Many images attempt to encapsulate diaconal ministry. None of them perfectly encapsulates the challenge and delight of this vocation.  However, these rich symbols, and the discussion that surrounds them, guide and shape our diaconal identity.

 

Several years ago, I was in Chicago attending a conference. One evening worship was offered from an Afro-American community. The sermon was delivered in the amazing “call-response” format. An astounding energy emerged from the congregation as participants encouraged their preacher to “tell it”, “come on”, “amen, amen.”
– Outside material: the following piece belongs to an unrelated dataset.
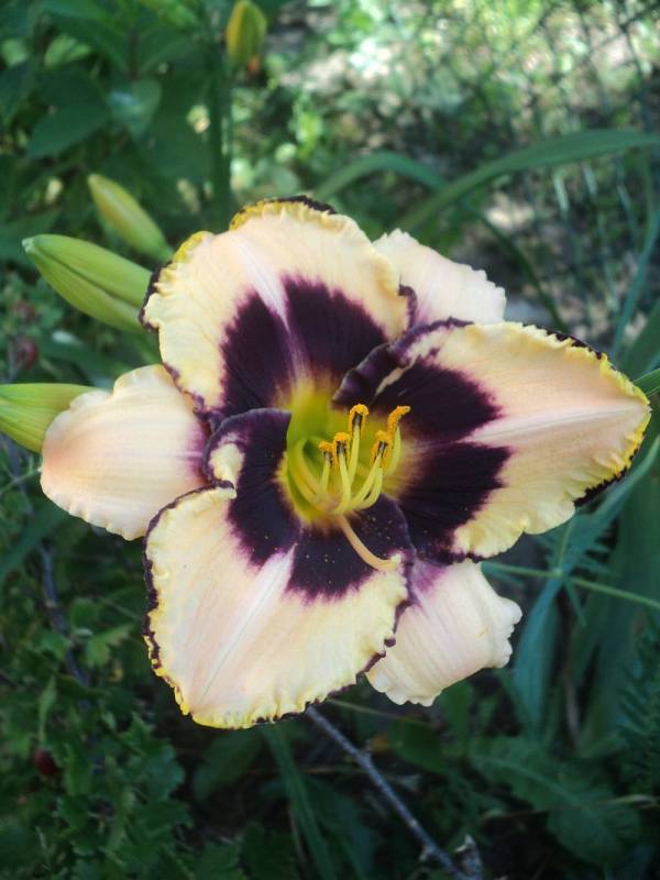 Kwiaty: łososiowo-kremowe z purpurowym okiem i obrzeżem płatków , gardło żółto- zielone , średnica kwiatu ok 15cm Zakwita w lipcu .

The text was Samuel waking up Eli in the middle of the night. The preacher said, “God was calling Samuel.” The congregation responded, “Oh yes.” The preacher continued, “God was calling Samuel and God is calling you.” The congregation replied, “Yes, sir.” The preacher was revved up (pun intended): “God is calling you. God is calling on a direct line.” Then the preacher reached a rhetorical peak, “God is calling on a direct line,” and he lowered his voice and leaned into the microphone, “ . . . but it is a collect call.” And the congregation applauded with a mix of amusement and recognition and conviction.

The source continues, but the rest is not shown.